In the clinic, not all things are equal. A woman may walk in exhibiting certain symptoms, and her doctor will use general knowledge of those symptoms to come up with a diagnosis.
That general knowledge, however, was largely codified using males as the norm.
“From the days of clinical trials, medicine has been primarily developed for males and was presumed to be the same for females,” said Alon Keinan, associate professor in the Department of Biological Statistics and Computational Biology. “The same extends into the era of studying the genetic basis of complex diseases, where the X chromosome has been either ignored or incorrectly analyzed.”
Men possess an X and a Y chromosome, while women have two X chromosomes.
Keinan’s lab focuses on diseases affected by many genes. Known as complex diseases, these include psychiatric disorders, cardiovascular diseases, cancers and autoimmune diseases like Crohn’s disease. Keinan’s focus is on how complex diseases intersect with sex chromosomes, which have been largely ignored in genomewide association studies.
“Ample evidence suggests that the X chromosome likely plays a crucial role in many complex diseases. First, most complex diseases are different between females and males. For certain diseases such as psychiatric disorders, additional evidence comes from studies of Mendelian disorders, model organisms and the role of X in brain development,” Keinan said.
Analyzing the X chromosome is complicated by many differences from the rest of the genome, some of which are due to its unique inheritance pattern. And since the X chromosome is only about 5 percent of the human genome, researchers conducting genomewide association studies often ignore it.
“Humans have 23 sets of chromosomes, yet scientific papers almost exclusively discuss only 22 – the sex chromosomes are always missing,” Keinan said. “It was quite obvious for us that it was necessary to correct the situation. It is not about revealing another 5 percent of the picture, but the role of the X chromosome is likely to be unique and shed light on different aspects of the diseases, including differences between females and males. I feel that by ignoring X the research community is yet again unintentionally being collectively sexist.”
Previous methods developed by Keinan to study the X chromosome are being used by dozens of other groups across the country. Keinan and his team are creating new open software for the scientific community that implements these methods and additional developments they and other groups are making.
The initial work – funded by three private foundations and a grant from the National Human Genome Research Institute (NHGRI) found early successes. These included the development of methods for studying the X chromosome and the discovery of genes on the X chromosome that play a part in several diseases, with one of these discoveries later leading to a clinical trial of a new therapeutic strategy for treating Crohn’s disease.
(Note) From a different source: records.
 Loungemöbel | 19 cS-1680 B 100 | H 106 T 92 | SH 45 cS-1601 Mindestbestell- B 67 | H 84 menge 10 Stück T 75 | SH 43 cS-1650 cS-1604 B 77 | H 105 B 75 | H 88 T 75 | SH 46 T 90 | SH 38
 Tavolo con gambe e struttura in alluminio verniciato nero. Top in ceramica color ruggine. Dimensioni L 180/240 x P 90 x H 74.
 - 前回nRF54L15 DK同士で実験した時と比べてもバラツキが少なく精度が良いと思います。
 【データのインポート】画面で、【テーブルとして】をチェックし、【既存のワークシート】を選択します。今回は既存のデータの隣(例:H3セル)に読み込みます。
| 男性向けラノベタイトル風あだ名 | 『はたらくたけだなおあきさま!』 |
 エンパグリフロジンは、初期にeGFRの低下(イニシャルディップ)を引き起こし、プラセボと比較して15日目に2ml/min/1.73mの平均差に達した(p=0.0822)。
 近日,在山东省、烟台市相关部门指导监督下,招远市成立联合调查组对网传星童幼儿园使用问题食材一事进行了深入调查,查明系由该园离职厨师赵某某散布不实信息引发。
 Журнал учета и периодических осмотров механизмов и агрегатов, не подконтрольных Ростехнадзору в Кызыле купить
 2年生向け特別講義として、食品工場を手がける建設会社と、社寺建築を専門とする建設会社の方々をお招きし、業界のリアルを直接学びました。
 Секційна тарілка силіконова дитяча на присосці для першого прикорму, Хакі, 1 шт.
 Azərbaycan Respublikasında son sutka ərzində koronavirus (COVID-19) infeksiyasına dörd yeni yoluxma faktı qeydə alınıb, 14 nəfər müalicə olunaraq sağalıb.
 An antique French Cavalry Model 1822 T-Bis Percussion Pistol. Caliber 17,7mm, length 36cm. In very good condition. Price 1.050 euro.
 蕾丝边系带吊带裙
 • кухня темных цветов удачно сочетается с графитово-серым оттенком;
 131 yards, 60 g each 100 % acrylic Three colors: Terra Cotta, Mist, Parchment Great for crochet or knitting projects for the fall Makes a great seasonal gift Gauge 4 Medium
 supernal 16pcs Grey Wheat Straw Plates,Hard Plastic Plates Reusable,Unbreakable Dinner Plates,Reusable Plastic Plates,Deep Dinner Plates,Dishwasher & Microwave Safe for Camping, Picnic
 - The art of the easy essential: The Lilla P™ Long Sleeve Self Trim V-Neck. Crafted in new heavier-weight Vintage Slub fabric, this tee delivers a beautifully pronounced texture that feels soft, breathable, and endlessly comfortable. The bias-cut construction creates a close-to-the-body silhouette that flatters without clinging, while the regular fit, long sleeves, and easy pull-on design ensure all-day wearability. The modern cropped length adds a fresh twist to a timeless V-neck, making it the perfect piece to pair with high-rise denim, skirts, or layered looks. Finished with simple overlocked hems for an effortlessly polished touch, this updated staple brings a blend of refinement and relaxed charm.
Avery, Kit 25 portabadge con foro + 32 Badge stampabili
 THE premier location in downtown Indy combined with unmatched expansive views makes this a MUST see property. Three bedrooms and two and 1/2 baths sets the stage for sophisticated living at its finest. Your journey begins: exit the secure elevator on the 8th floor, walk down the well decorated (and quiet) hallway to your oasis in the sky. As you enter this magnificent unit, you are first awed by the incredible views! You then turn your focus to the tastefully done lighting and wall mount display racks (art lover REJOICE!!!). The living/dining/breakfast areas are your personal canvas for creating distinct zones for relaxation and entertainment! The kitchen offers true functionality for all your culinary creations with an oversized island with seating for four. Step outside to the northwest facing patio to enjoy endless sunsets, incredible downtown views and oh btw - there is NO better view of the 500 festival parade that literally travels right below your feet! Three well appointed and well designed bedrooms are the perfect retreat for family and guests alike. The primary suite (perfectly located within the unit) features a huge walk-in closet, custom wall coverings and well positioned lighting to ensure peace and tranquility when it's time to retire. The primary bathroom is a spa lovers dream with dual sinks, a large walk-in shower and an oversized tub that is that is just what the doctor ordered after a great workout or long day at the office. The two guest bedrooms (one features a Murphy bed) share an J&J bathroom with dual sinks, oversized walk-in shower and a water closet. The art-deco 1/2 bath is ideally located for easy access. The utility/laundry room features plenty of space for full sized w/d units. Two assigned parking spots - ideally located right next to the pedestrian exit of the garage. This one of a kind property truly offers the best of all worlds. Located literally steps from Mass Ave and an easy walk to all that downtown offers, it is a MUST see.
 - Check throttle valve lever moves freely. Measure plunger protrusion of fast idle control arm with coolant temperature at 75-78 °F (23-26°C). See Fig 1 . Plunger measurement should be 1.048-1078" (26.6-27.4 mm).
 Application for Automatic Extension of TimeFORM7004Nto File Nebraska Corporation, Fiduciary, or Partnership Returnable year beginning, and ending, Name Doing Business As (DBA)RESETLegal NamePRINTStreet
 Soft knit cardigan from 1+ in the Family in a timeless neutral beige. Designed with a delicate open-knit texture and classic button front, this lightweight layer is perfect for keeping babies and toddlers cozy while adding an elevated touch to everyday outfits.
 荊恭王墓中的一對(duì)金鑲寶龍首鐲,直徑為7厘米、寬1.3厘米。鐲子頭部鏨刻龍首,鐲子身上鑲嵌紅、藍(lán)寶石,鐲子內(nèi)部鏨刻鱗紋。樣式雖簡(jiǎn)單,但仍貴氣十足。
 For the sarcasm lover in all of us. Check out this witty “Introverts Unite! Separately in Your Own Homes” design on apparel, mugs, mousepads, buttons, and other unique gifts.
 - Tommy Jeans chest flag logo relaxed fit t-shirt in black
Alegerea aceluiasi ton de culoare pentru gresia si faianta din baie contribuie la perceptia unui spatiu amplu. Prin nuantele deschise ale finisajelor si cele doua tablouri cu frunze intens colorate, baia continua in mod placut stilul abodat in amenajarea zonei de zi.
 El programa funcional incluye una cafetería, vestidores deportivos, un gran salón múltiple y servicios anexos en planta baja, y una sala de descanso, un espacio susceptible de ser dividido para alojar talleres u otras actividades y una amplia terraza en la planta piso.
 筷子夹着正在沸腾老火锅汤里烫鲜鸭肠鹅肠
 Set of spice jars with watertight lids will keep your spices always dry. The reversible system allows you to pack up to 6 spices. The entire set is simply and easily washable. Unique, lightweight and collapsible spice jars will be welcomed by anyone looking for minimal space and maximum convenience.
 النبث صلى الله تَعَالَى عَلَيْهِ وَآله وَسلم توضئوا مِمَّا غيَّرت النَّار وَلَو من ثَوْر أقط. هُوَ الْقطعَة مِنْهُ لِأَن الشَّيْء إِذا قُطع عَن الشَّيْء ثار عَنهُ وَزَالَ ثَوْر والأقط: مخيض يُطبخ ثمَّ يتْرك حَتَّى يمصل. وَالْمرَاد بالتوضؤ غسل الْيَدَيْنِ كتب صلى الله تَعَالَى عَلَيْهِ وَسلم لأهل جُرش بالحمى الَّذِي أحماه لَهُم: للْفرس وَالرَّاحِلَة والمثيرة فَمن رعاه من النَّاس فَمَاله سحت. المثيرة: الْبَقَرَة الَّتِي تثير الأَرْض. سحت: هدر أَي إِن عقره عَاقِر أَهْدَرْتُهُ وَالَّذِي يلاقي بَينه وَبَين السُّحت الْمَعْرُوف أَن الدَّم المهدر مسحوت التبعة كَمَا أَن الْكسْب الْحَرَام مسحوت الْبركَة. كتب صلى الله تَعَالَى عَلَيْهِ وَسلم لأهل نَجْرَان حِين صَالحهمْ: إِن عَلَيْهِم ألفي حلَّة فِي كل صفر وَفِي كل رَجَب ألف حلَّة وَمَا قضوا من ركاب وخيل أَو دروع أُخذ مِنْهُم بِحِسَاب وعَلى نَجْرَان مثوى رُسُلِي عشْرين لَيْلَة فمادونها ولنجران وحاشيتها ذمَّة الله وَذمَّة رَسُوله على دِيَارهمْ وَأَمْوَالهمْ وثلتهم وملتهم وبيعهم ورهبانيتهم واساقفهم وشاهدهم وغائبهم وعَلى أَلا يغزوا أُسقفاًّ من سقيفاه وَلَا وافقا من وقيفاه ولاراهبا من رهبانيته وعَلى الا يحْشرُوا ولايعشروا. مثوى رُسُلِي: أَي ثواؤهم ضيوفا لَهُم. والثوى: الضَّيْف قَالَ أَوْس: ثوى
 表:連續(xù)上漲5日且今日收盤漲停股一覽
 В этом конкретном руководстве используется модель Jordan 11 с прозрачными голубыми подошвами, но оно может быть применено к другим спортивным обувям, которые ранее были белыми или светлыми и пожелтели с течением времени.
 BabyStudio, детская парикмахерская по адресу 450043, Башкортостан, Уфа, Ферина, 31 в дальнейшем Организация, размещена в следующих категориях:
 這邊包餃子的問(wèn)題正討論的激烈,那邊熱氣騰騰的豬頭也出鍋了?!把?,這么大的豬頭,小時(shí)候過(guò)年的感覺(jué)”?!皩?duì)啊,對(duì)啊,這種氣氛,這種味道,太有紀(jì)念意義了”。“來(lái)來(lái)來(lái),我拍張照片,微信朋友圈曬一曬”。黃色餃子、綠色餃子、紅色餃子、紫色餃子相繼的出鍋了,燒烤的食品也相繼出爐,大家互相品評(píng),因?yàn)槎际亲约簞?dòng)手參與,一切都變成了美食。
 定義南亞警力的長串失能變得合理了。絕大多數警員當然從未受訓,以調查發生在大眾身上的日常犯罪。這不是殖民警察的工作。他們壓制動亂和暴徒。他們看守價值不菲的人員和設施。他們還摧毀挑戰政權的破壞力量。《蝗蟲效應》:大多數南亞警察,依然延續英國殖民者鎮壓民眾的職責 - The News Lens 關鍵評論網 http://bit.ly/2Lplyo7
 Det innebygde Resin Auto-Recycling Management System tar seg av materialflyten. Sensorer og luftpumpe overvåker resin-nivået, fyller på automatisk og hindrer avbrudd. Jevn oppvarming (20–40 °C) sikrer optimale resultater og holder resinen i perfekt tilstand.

In July, Keinan secured a four-year, $1.6 million grant from NHGRI to continue the research. He intends to shed new light on the difference between male and female genomes within the pathology of diseases, with the goal one day to make it easier for medical practitioners to prescribe medications more accurately and effectively for women.
“Our motivation is making new discoveries,” Keinan said, “and taking steps toward closing the gender disparity in disease diagnosis and treatment.”
Melanie Greaver Cordova is communications coordinator for the College of Agriculture and Life Sciences.